Ampel will verschärfte Strafen für Kinderpornographie korrigieren

Das Strafgesetzbuch in einer Bibliothek, über dts

Wegen massiver Kritik von Richtern und Staatsanwälten will die Ampel die verschärften Strafen für Kinderpornographie korrigieren und für Bagatellfälle eine Neuregelung schaffen.

Das berichtet die FAZ (Montagsausgabe).
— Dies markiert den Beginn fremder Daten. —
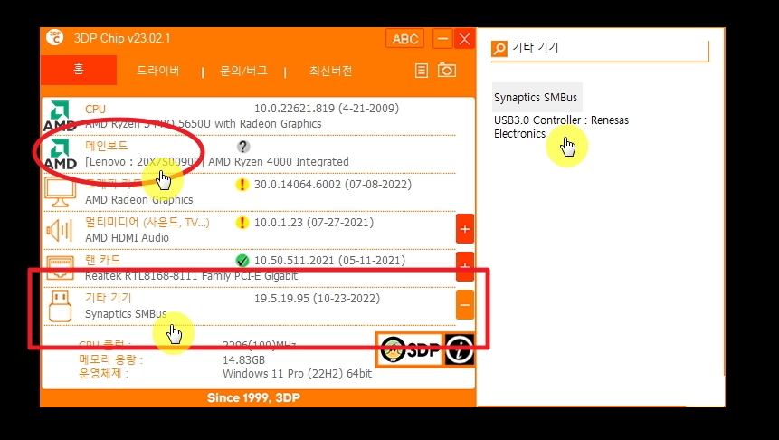 3dp chip 프로그램을 실행하면 다음과 같은 화면이 나타나요. 여기에서 메인보드나 기타 기기 부분을 클릭해 보세요. 그럼 드라이버 설치 마법사가 나타나거나 내 장치에 알맞은 드라이버를 다운 받을 수 있는 웹페이지가 열려요. 그럼 안내에 따라 드라이버 프로그램을 설치하면 돼요.

Vor zwei Jahren hatte die damalige große Koalition beschlossen, Kinderpornographie als Verbrechen einzustufen, die Mindeststrafe beträgt ein Jahr Haft, Einstellungen von Verfahren sind nicht möglich.
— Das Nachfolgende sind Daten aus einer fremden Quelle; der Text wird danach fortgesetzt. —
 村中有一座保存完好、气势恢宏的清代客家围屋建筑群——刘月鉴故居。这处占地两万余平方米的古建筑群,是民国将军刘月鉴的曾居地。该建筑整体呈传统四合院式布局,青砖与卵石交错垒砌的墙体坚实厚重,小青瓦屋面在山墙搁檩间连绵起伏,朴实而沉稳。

Rechtspolitiker von SPD, Grünen und FDP beraten nun darüber, wie eine Lösung für Fälle aussehen könnte, deren Unrechtsgehalt geringer ist – etwa wenn Eltern, Lehrer oder Schüler auf Fälle von Kinderpornographie hinweisen, indem sie Missbrauchsdarstellungen weiterleiten. Oder wenn Jugendliche einander Nacktfotos von sich selbst schicken. Nach geltendem Recht müssten sie zu einem Jahr Haft verurteilt werden. Der Bundesgeschäftsführer des Deutschen Richterbunds, Sven Rebehn, sagte der FAZ: „Aus Sicht der Justizpraxis ist eine Korrektur der 2021 drastisch verschärften Strafvorschriften gegen Kindesmissbrauch und Kinderpornographie dringend erforderlich.“ Der Parlamentarische Geschäftsführer der SPD-Fraktion, Johannes Fechner, sagte der FAZ: „Staatsanwälte brauchen die Möglichkeit, bei Bagatellfällen von der Strafverfolgung absehen zu können.“ Durch diese Fälle werde zu viel Personal gebunden, das dringend für die Verfolgung von schweren Sexualstraftaten benötigt werde. Die grüne Rechtspolitikerin Canan Bayram plädiert dafür, in die Norm einen minderschweren Fall aufzunehmen, etwa für Konstellationen, in denen der Altersunterschied zwischen Täter und Opfer gering ist und die Betroffenen die Abbildung selbst angefertigt haben. „Das Strafrecht muss Ultima Ratio bleiben, und die Staatsanwaltschaften und Gerichte müssen die Möglichkeit haben, auf die verschiedenen Fallkonstellationen tat- und schuldangemessen reagieren zu können“, sagte Bayram der FAZ. Auch der Parlamentarische Geschäftsführer der FDP-Fraktion, Stephan Thomae, sieht Handlungsbedarf. „Die Rechtsprechung kommt mit der letzten Reform nicht zu sachgerechten Ergebnissen“, so Thomae gegenüber der FAZ. Eine Sprecherin des Bundesjustizministeriums teilte mit, der gesetzgeberische Handlungsbedarf und mögliche Handlungsoptionen würden geprüft.